# I'm going to be a daddy!



## Knight~Ryder (Dec 2, 2007)

Just found out my wife is pregnant! I'm going to be a daddy in 8.5 months! Wahoo! 

I just had my birthday on the 23rd of April which makes me 27. I figure this is a perfect age to have one.


----------



## Againsthecurent (Jan 22, 2009)

Good Luck!!!!!!!!!!!!!!!!!!! Hoping for a bright and healthy baby in 8.5 months.


----------



## lohachata (Jan 27, 2006)

i will tell you what i told my daughter many times...we find a partner that we love and are amazed at how strong the emotion we feel for that mate..
but is a mere drop in the ocean compared to the love we feel when we hold our child...
god is presenting you with a gift which has no equal..

congratulations jordan...


----------



## jones57742 (Sep 8, 2007)

Knight~Ryder said:


> Just found out my wife is pregnant!


KR: Congrats from West Texas!!!!!!!!!!!!!!

TR


----------



## alliecat420 (Mar 28, 2009)

Congrats!!!! you gotta let us know when you know what it is!!


----------



## shev (Jan 18, 2005)

Congrats! I'm honored you want to name him Shev.



alliecat420 said:


> Congrats!!!! you gotta let us know when you know what it is!!


My bet's on a baby.


----------



## Fishychic (Dec 7, 2008)

shev said:


> Congrats! I'm honored you want to name him Shev.
> 
> 
> 
> My bet's on a baby.


LOL!  


I'm so excited for you! Congratulations!


----------



## Guest (May 2, 2009)

Congrats KR!  and i agree with Loha.....


----------



## Knight~Ryder (Dec 2, 2007)

Shev is okay if I want to name my baby after a car manufacturer :lol:

We were thinking "Amara-Faith" for a girl and for a boy "Treffen" 

Both are German names, and we want the names to be unique. Not something you hear everyday.


----------



## Fishychic (Dec 7, 2008)

Treffen reminds me of Triflen.


----------



## shev (Jan 18, 2005)

I like Treffen.

And my real name actually is Shevick, lol. I get that a lot, "Can I call you Chevy?"


----------



## jones57742 (Sep 8, 2007)

shev said:


> And my real name actually is Shevick, lol. ...


shev: Do I detect the ability to read, write and speak a Slavic language here?
:lol: :lol: :lol: :lol: :lol: :lol:

TR


----------



## COM (Mar 15, 2008)

Tsk tsk. Don't you know that it is bad luck to tell anyone in the first trimester?

Oh well, congratulations!


----------



## Albino_101 (Aug 14, 2008)

congratz (insert witty heartfelt comment here)


----------



## Dragonbeards (Dec 14, 2008)

Oh my goodness, congratulations! Love the names, especially Treffen. That sound really cool. Good luck!


----------



## 207lauras (Jan 28, 2009)

Congrats!
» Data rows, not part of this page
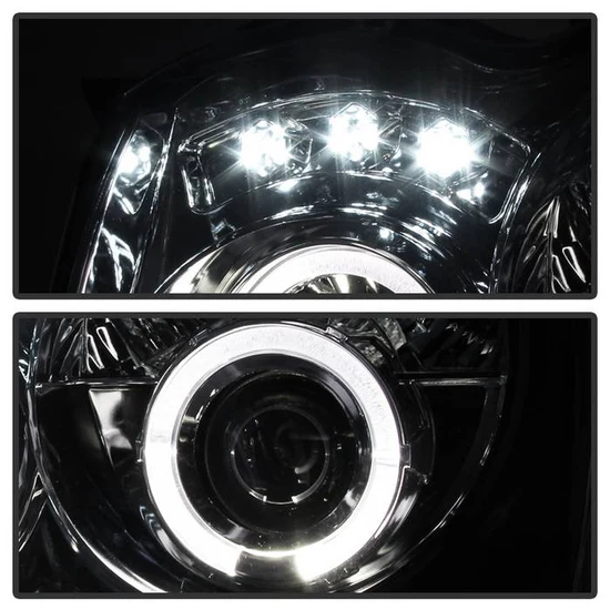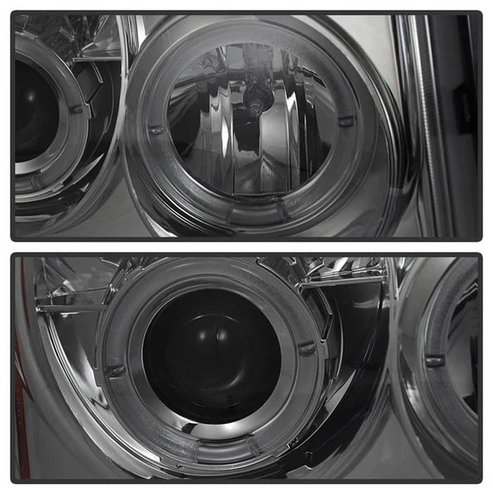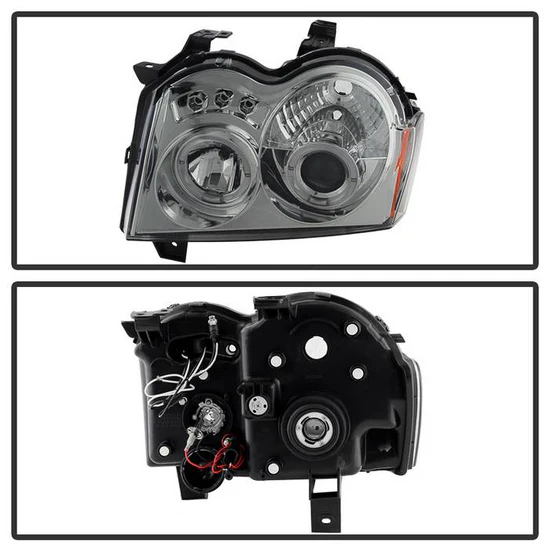 Signature Series Driver and Passenger Side Chrome/Smoke Halo Projector Headlights with Parking LEDs (PRO-YD-JGC05-HL-SMC) by Spyder®. 1 Pair. Chrome housing, smoke lens. Bulb: 9006 (HB4) low beam (not included), H1 high beam (included). Backed by a 1-year warranty. Improve your vision and your vehicle’s appearance with these bolt-on headlight assemblies. The projector beam headlights will produce a sharper, more focused beam of light for safer driving at night, the bright Halos and LED lights will make your vehicle more visible to other drivers, and the Halos, LEDs and custom headlight housing will give your ride an exclusive, unique look.
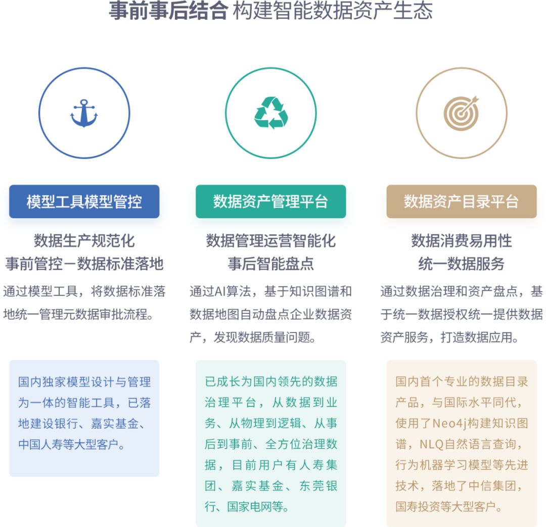 Datablau的数据治理解决方案针对上面三种场景的三个产品线: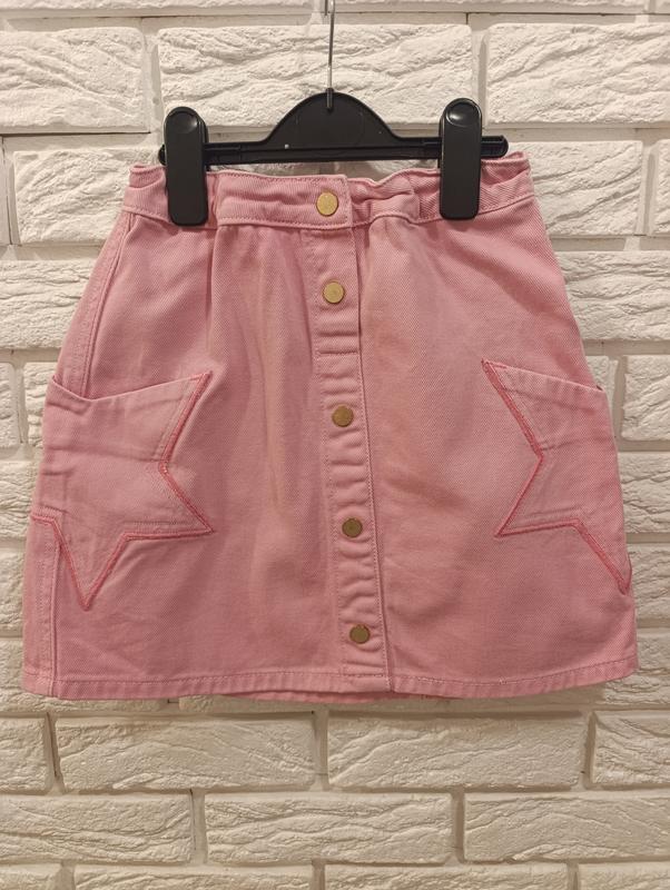 Невероятно красивая юбочка для девочки, розовая с перламутровыми пуговицами.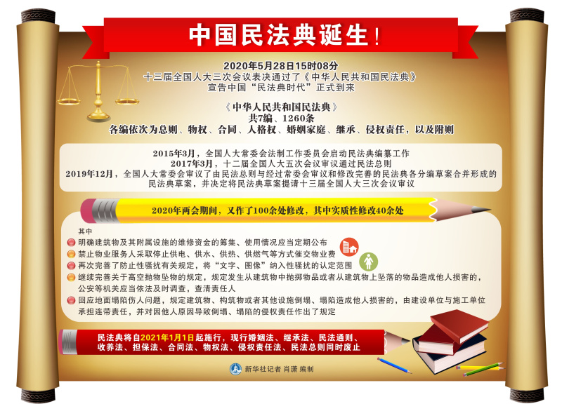 图表:中国民法典诞生!新华社记者 肖潇 编制

I am with you on the unique baby names, just make sure that its not too hard to spell, that said you will still be correcting people all the time! My oldest daughters name is Ziara (like the country just with an "ah" at the end) and people are always getting it wrong!
8.5 months is going to fly by nothing! Good luck with everything!!


----------



## trashion (Aug 24, 2007)

Ziar? Do you mean Zaire?


----------



## smark (Dec 2, 2008)

Real nice names you picked. Congrats on your new future. Keep your lady's needs first and foremost in the days to come. Let the adventure begin.


----------



## Kurtfr0 (Nov 2, 2008)

Congrats!!


----------



## Knight~Ryder (Dec 2, 2007)

smark said:


> Real nice names you picked. Congrats on your new future. Keep your lady's needs first and foremost in the days to come. Let the adventure begin.


Oh I'm prepared alright. 41 jars of pickles and dirt are sitting in the fridge right now!


----------



## 207lauras (Jan 28, 2009)

trashion said:


> Ziar? Do you mean Zaire?


yup sounds the same just switched the letters up a bit and added a new ending!!


----------



## trashion (Aug 24, 2007)

Cute, I like that


----------